7. The method for detecting the living human face based on the tree neural network structure as claimed in claim 1, wherein the unsupervised clustering is as follows: passing the input vector x through a routing function

Calculating to obtain a sample set S advancing to the left child node_left:

And a sample set S proceeding to the right child node_right:

Wherein: s is a sample set, I_kK is 1,2,3, and K is a data sample;

8. The method for detecting the living human face based on the tree neural network structure as claimed in claim 1, wherein the preprocessing is as follows: after face detection is carried out on an input picture to be detected to obtain a face position, cutting and zooming are carried out on the picture to be detected according to the obtained face position, and the method specifically comprises the following steps: detecting the face position coordinates in an input picture by using an MTCNN method, selecting the largest face for processing when the picture contains a plurality of faces, and quitting a detection system and returning no-face abnormity when the picture does not contain the faces; and preprocessing the picture to be detected according to the obtained face position, cutting the picture according to face position coordinates obtained by face detection, cutting out the picture of the face part, and zooming to 256 × 256 of a fixed size.
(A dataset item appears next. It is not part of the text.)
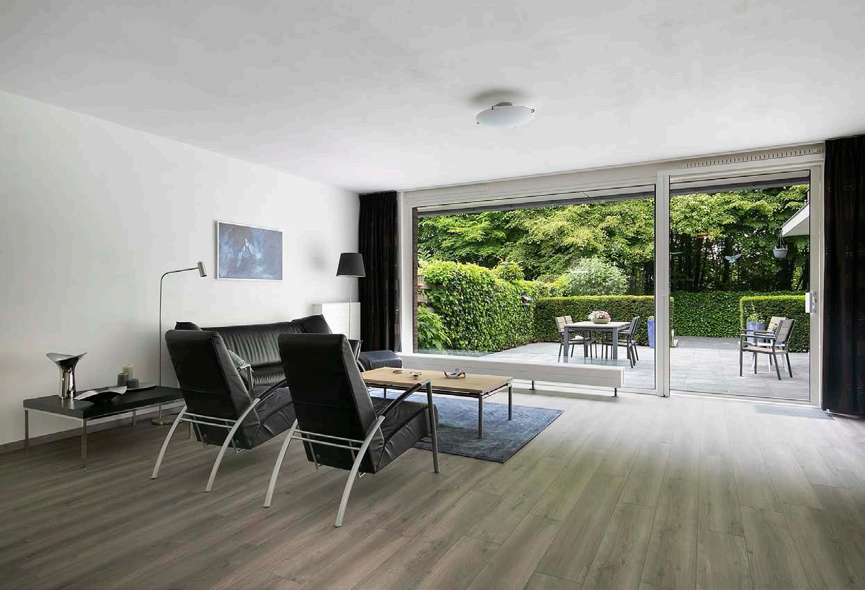 De woonkamer heeft aan de achterzijde een grote glaspui, waardoor er veel natuurlijk licht naar binnen valt. Daarnaast biedt de woonkamer voldoende ruimte voor een gezellige zithoek waar je comfortabel kunt genieten van een film op tv of een goed boek.
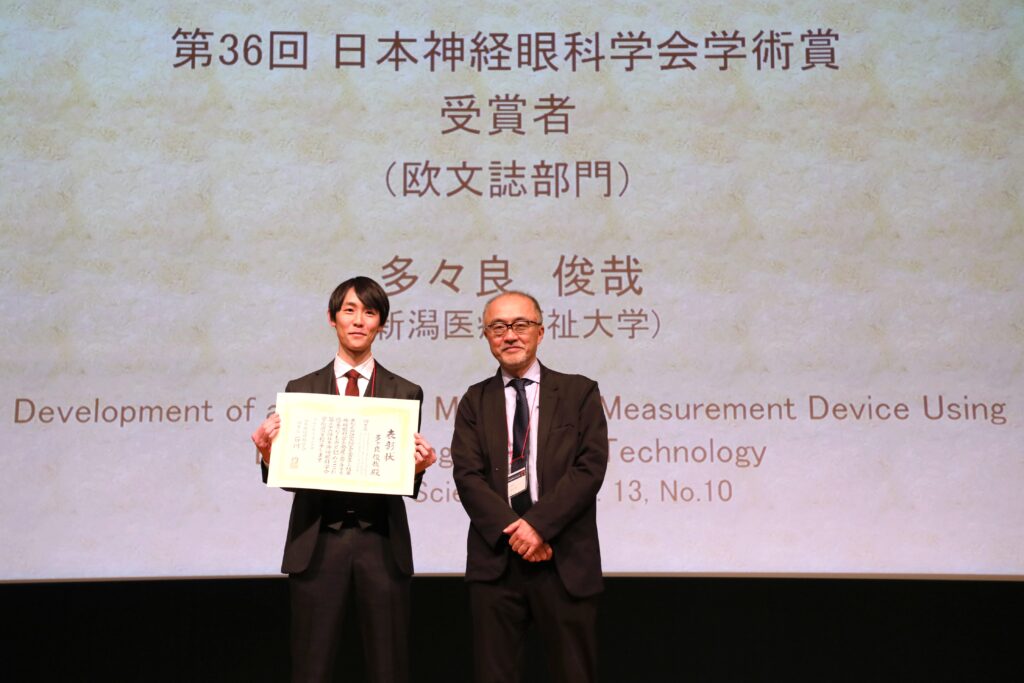 この度、新潟医療福祉大学視機能科学科の多々良 俊哉 助教の研究論文が、日本神経眼科学会学術賞を受賞しました!

9. The method for detecting the living human face based on the tree neural network structure as claimed in claim 1, wherein the living detection is: preprocessing a picture to be detected and inputting the preprocessed picture into a trained human face living body detection model to obtain a result comprising: and determining whether the detected image is a live body 0/1 value and a mask with the size of a non-live body part being 32 × 1 in the image as a detection result, and performing live body judgment on the detection result and non-live body attack type judgment according to the mask to obtain a final live body detection result.

10. A system for implementing the method of any preceding claim, comprising: the system comprises a data preprocessing unit and a face living body detection unit, wherein the data preprocessing unit receives and preprocesses a picture to be detected, processes the picture into a picture which only contains a face part and has a fixed size, and inputs the picture into the face living body detection unit; the human face living body detection unit is connected with the data preprocessing unit, receives the picture data after data preprocessing, performs living body detection on the human face in the picture, and generates the probability that the human face in the picture is a non-living body and a mask of the non-living body part in the picture.